> DIRECTIONS
Which lines run from the one containing "Pamiątkowe zdjęcie uczestników wycieczki." through the end of the data? Write them out exactly, with the pictures left out.

> AVAILABLE RECORDS
▶

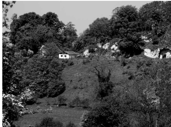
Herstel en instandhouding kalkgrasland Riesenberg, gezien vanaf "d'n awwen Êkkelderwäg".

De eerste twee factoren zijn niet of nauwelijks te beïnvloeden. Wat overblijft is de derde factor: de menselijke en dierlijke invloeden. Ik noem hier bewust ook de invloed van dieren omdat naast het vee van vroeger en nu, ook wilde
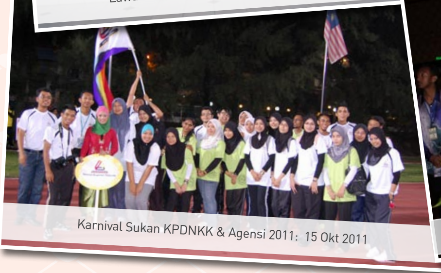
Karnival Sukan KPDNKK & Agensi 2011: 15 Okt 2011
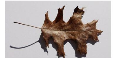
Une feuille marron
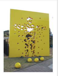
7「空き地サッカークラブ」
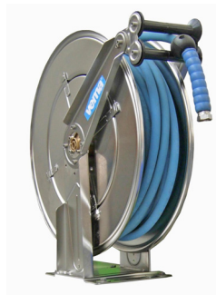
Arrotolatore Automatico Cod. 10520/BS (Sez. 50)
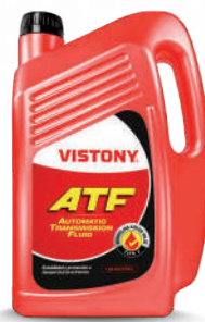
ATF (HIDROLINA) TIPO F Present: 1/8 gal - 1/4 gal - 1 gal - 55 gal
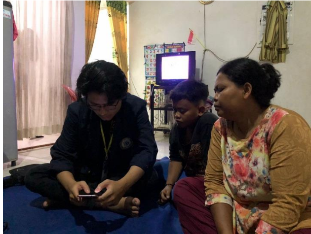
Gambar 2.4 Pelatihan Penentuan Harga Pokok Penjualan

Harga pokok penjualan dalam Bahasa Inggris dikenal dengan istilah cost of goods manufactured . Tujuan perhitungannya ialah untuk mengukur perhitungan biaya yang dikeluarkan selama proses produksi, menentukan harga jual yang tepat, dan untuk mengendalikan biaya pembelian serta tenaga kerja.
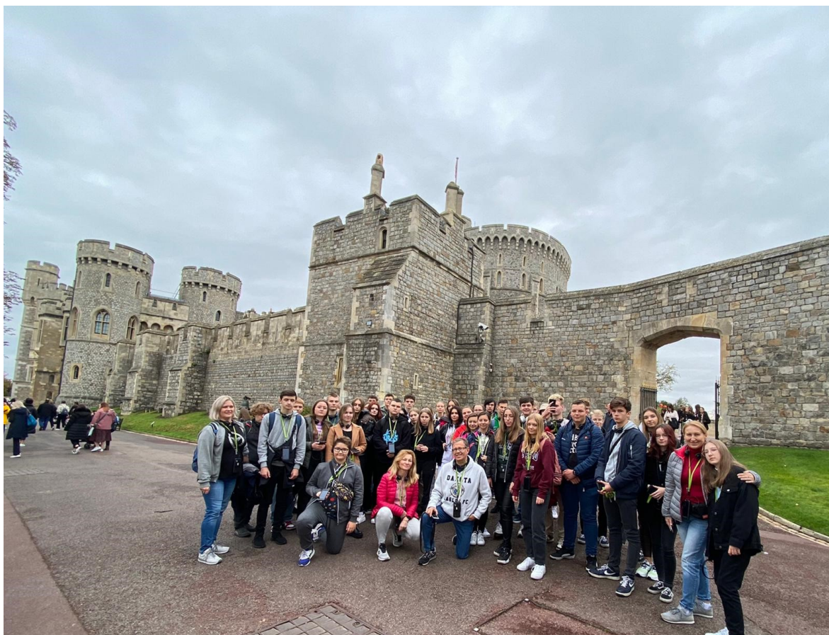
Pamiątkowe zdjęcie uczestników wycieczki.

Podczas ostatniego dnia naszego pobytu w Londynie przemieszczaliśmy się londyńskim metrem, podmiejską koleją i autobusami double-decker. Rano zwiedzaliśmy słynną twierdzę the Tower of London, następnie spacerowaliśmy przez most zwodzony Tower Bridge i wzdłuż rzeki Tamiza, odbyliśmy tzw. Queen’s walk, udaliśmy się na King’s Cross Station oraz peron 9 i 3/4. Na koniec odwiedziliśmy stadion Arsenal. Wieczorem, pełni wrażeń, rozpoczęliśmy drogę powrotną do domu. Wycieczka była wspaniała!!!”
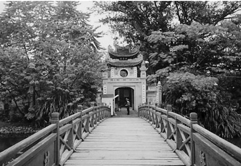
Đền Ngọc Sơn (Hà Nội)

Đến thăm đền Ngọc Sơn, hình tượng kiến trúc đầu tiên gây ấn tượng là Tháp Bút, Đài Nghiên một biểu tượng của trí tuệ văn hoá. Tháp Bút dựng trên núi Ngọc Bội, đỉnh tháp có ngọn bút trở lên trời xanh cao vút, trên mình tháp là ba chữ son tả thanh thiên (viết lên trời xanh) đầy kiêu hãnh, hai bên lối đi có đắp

◀

> SOLVED EXERCISE
Pamiątkowe zdjęcie uczestników wycieczki.

Podczas ostatniego dnia naszego pobytu w Londynie przemieszczaliśmy się londyńskim metrem, podmiejską koleją i autobusami double-decker. Rano zwiedzaliśmy słynną twierdzę the Tower of London, następnie spacerowaliśmy przez most zwodzony Tower Bridge i wzdłuż rzeki Tamiza, odbyliśmy tzw. Queen’s walk, udaliśmy się na King’s Cross Station oraz peron 9 i 3/4. Na koniec odwiedziliśmy stadion Arsenal. Wieczorem, pełni wrażeń, rozpoczęliśmy drogę powrotną do domu. Wycieczka była wspaniała!!!”
Đền Ngọc Sơn (Hà Nội)

Đến thăm đền Ngọc Sơn, hình tượng kiến trúc đầu tiên gây ấn tượng là Tháp Bút, Đài Nghiên một biểu tượng của trí tuệ văn hoá. Tháp Bút dựng trên núi Ngọc Bội, đỉnh tháp có ngọn bút trở lên trời xanh cao vút, trên mình tháp là ba chữ son tả thanh thiên (viết lên trời xanh) đầy kiêu hãnh, hai bên lối đi có đắp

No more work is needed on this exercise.